This repository contains the first stage of my solution for the 2017 Kaggle data science bowl (ranked in the top 3%). It consists in a 3d convnet for the classification of lung proposed tissue regions for nodules/tumor in lung CT scans. This classifier is then used to select proposed region in the DSB17 and increase the training signal for the cancerous/benign classification task.
The model was trained on the Luna16 dataset (https://luna16.grand-challenge.org/), and its objective is to classify lung ct scan cubes of size 64x64x64 as containing a nodule/potential tumor or not. This repository only contains the nodule classifier, not the remaining of the pipeline needed for predicting the probablity of a patient of having lung cancer.
Below is a representation of one full lung scan. The video goes down the z axis, from the neck to the abdomen. A yellow filter is overlayed on top of a potential tumor.
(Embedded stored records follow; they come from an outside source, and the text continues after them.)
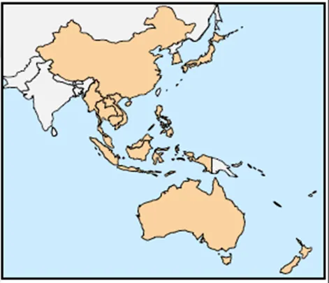 한국, 일본, 중국, 호주 및 뉴질랜드, 브루나이, 캄보디아, 인도네시아, 라오스, 말레이시아, 미얀마, 필리핀, 싱가폴, 태국, 베트남 ASEAN 15개국
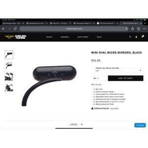Arlen Ness Motorcycle Oval Micro Mirror for left side rear view in chrome finish. Perfect for enhancing your bike's aesthetics while ensuring safety.
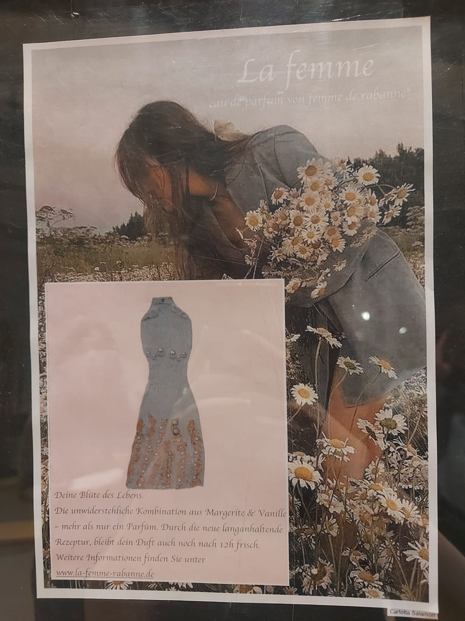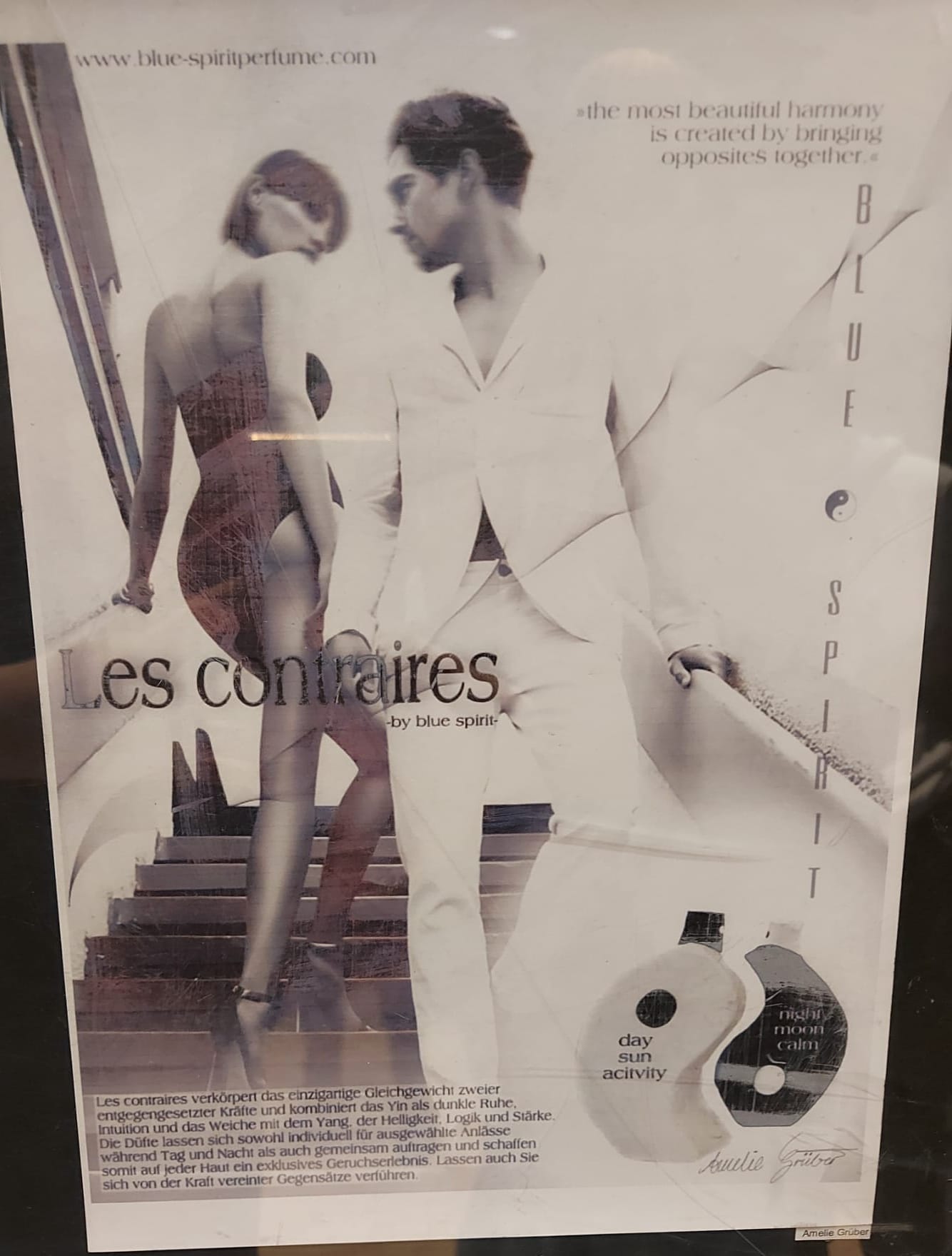 Von den Traumwelten geht es nun in die nicht weniger fiktiven Welten der Produkte und ihrer Vermarktung. Im vierten Semester war es die Aufgabe, Werbungen zu den im zweiten Semester designten Parfümflakons zu erstellen. Werbung ist wohl eher nicht das, was man landläufig unter Kunst versteht. Sie gehört zur Alltagskultur und ist heute mehr denn je ein Teil unserer Lebensrealität. Und dennoch weist die Reklame meiner Mitschüler enorme Raffinesse auf. Jedes Plakat ist eine kleine Repräsentation eines käuflichen Lebensgefühls. Die Parfüms tragen Namen wie „La femme“ oder „Les contraires“ und versprechen mal Frische und Leichtigkeit und mal Intimität und Abenteuer. Eine Mitschülerin sagte mir, dass ihnen bei der Arbeit an der Werbung „die Wichtigkeit eines gestalterischen Konzepts“ bewusst geworden sei.
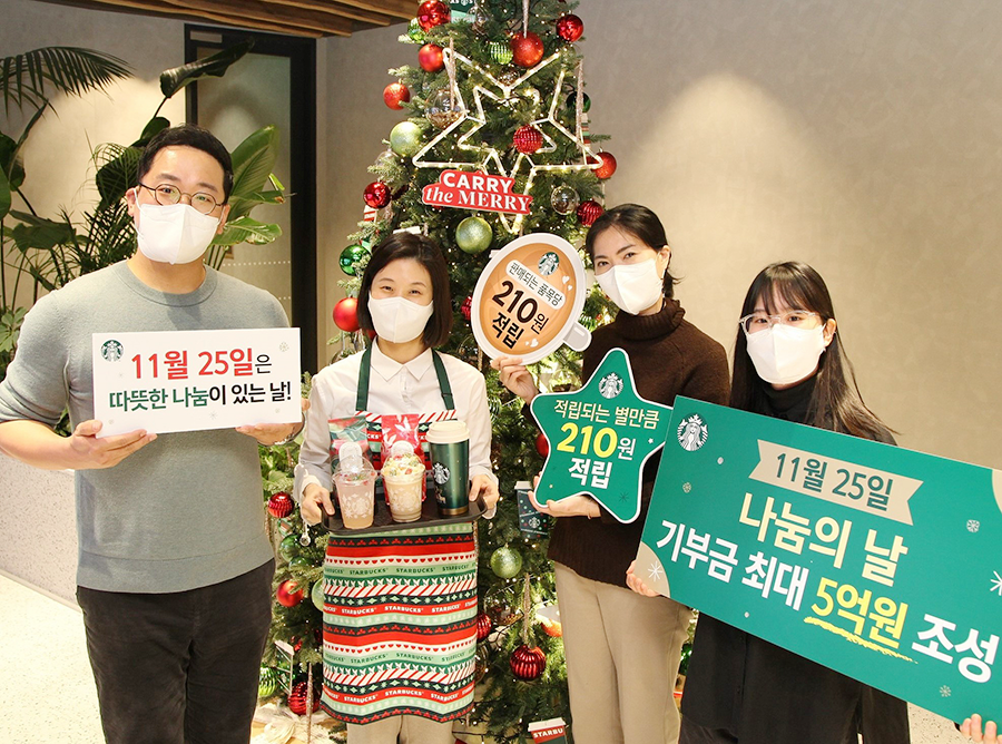 앞서 스타벅스는 올해 개점 21주년을 기념해 크리스마스 시즌 기금 2억 1천만원을 지역사회에 기부할 것을 약속했다. 이와 함께, 나눔의 날을 전개하며 누적 최대 5억원의 기금을 청년, 환경, 지역사회 등 스타벅스의 주요 사회공헌 활동에 함께 하고 있는 지역사회 기관 및 NGO 단체에 전달할 예정이다.

The Luna dataset contains some 1000 such scans. In order to build the training data for the tissue classifier, each one of these scan is diced into small 64x64x64 cubes. About 8000 cubes with positive samples are extracted, and the same number of negative examples are sampled at random from a total of 2 million cubes extracted from lung tissue in patients with no nodule. Below are two example of cubes from the positive class:
Heavy 3d data augmentation (shear, stretch, rotation, translation, axes flip) and batch normalization achieves 0.95 F1 score on a held out test set (90/10 split).